Skip to content
Data Manipulation with dplyr
  • AI Chat
  • Code
  • Report
  • Data Manipulation with dplyr

    Run the hidden code cell below to import the data used in this course.

    # Load the Tidyverse
    library(tidyverse)
    
    # Load the course datasets
    babynames <- read_rds("datasets/babynames.rds")
    counties <- read_rds("datasets/counties.rds")

    Dplyr Data Manipulation Notes

    Can be installed on its own, or with the entire Tidyverse package (see code below)

    Chapter 1 Verbs

    1. select() - can pair down the number of variables in the dataset (code below)
    2. filter() - filter observations based on logical operators
    3. arrange() - sorts data based on one or more variables (defaults to ascending - see below)
    4. mutate() - add new variables or change existing variables

    glimpse() function

    • used to view the first few values from each variable, along with the data type (useful)
    # Loading in dplyr package only
    install.packages("dplyr")
    
    # Loading in tidyverse package
    install.packages("tidyverse")
    
    # Using select() to pair down the number of variables in the dataset 
    counties %>%
    	select(state, county, population, unemployment)
    
    # Can assign to a new variable and print it
    counties_selected <- counties %>%
    	select(state, county, population, unemployment)
    
    # Using arrange to sort data based on one or more variables
    counties_selected %>%
    	arrange(population)
    
    # Have to specify if you want to arrange in descending order
    counties_selected %>%
    	arrange(desc(population))
    
    # filter for counties with unemployment less than 6% in the state of NY, arranged by descending pop
    counties_selected %>%
    	arrange(desc(population)) %>%
    	filter(state == "New York",
              unemployment < 6)
    
    # Use mutate to transform percent unemployment rate to the total number of unemployed in the pop and save it as a new variable
    counties_selected %>%
    	mutate(unemployed_population = population * unemployment / 100)
    
    # Which counties have the highest number of unemployed people?
    counties_selected %>%
    	mutate(unemployed_population = population * unemployment / 100)
    	arrange(desc(unemployed_population))

    Count Verb

    • One way to aggregate data to find out the NUMBER OF OBSERVATIONS Generic use of the verb results in a 1x1 table called "n" that tells us the number of observations (see code below)
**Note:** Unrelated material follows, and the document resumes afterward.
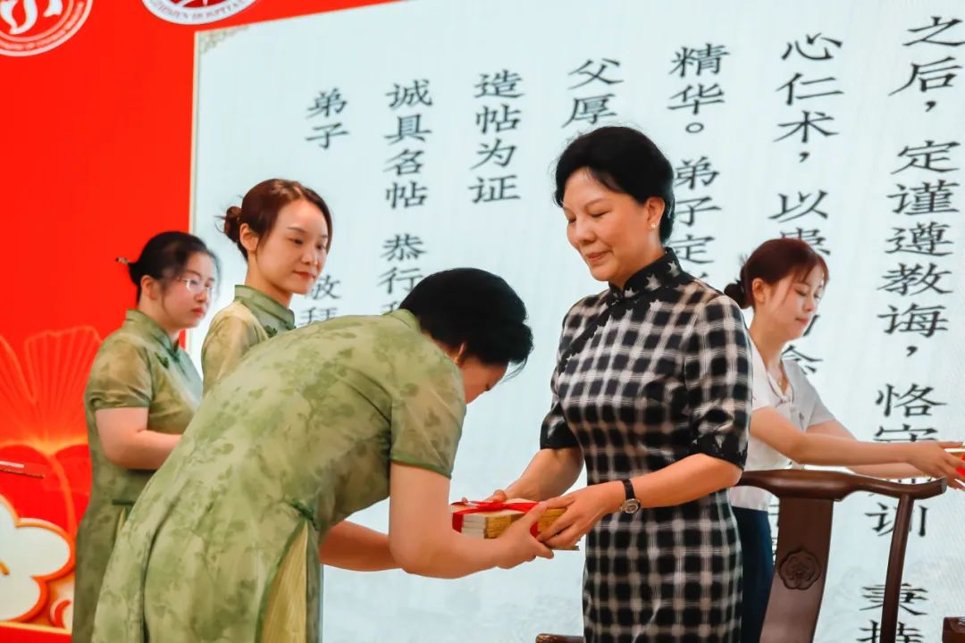 郭教授向传承弟子赠典籍及回徒贴,并寄语:“中医护理需守正创新,以循证实践连接传统与现代。”

    Counting a specific variable

    counties %>% count(state) will give you the number of counties in each state.

    Counting and sorting

    • Allows us to aggregate data and sort by it counties %>% count(state, sort = TRUE) will give you the number of counties in each state sorted from most common observations to least.

    Weighting your counts

    Counting citizens by state

    • You can weigh your count by particular variables rather than finding the number of counties. In this case, you'll find the number of citizens in each state.
    # Count verb
    counties %>%
    	count()
    
    # Counting a specific variable
    counties %>%
    	count(state)
    
    # Counting and sorting
    counties %>%
    	count(state, sort = TRUE)
    
    # Adding weight
    counties %>%
    	count(state, wt = population, sort = TRUE)
    
    # Add weight - example: find the number of citizens in each state
    counties %>%
    	count(state, wt = citizens, sort = TRUE)
    
    # Nestle count, mutate, sort, weight...
    counties_selected %>%
    	mutate(population_walk = walk * population / 100) %>%
      	count(state, wt = population_walk, sort = TRUE)  

    Summarize verb

    Takes many observations and turns them into one observation

    Can combine summary functions and create multiple variables in a single line

    # Summarize
    summarize(total_population = sum(population))
    
    # Combining summaries
    counties %>%
    	group_by(state) %>%
    	summarize(total_pop = sum(population),
                 average_unemployment = mean(unemployment))
    
    # Arrange the results
    counties %>%
    	group_by(state) %>%
    	summarize(total_pop = sum(population),
                 average_unemployment = mean(unemployment))
    	arrange(desc(average_unemployment))
    
    # Group by multiple columns at onces - results in 1 column for each combination of state & metro
    counties %>%
    	group_by(state, metro) %>%
    	summarize(total_pop = sum(population),
                 average_unemployment = mean(unemployment))
    	arrange(desc(average_unemployment))
    
    # Can add ungroup() to remove a grouping that was added
    

    Selecting Data

    Can add "helpers" when selecting data...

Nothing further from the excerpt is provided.